Work to be completed: Pictures are to be skipped. Retype exactly the lines from the top of the material through the one with "Pokus o vynesení", and only those.

Data provided:

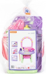 - Măsuță cu oglindă și accesorii tematice (ex. foehn, pieptene, perie, sticluțe „cosmetice”)
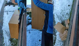 Pokus o vynesení velké skříně pomocí lana z balkonu.
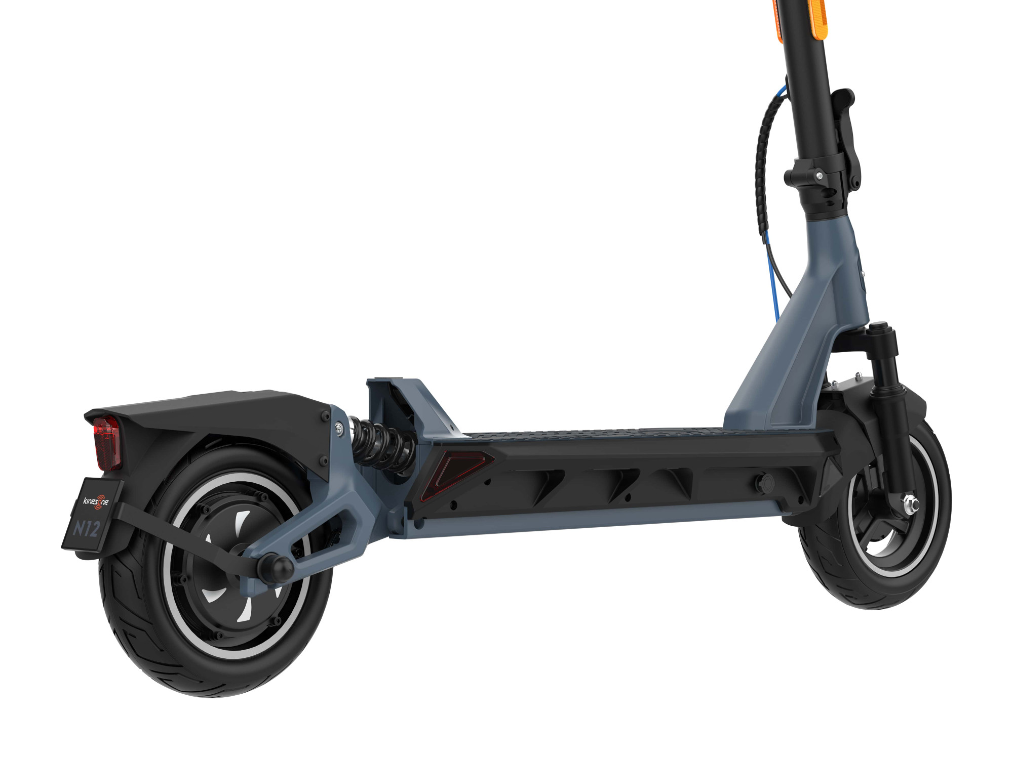 Amint kiveszi a Kingsong N12-t a dobozból, egyértelmű válik, hogy ez egy fajtiszta városi gép. Az elegáns és funkcionális, repülőgép-minőségű alumíniumból készült váz megjelenése minimalista, de mindent tartalmaz, ami a vezetéshez kell. Mindig jó, ha van elég hely a lábaknak, amit gumírozott futófelülete biztosít. Vezetés közben nem csúszik le róla a lába, és a karbantartása is könnyebb. A hátsó megemelt rész, amely egyben fogantyúként is szolgál a kényelmesebb hordozáshoz, még biztonságosabb testtartást tesz lehetővé. A kormányrúd és a lábtartó közötti tér a masszív nyakhoz tartozik, amelyhez rásimulva csatlakozik egy egyszerű, de erős összehajtó csukló. Mindössze az egyik kart kell kioldania, és a teljes kormányrudat leengedheti a megemelt reteszhez.

Worked solution:
 - Măsuță cu oglindă și accesorii tematice (ex. foehn, pieptene, perie, sticluțe „cosmetice”)
 Pokus o vynesení velké skříně pomocí lana z balkonu.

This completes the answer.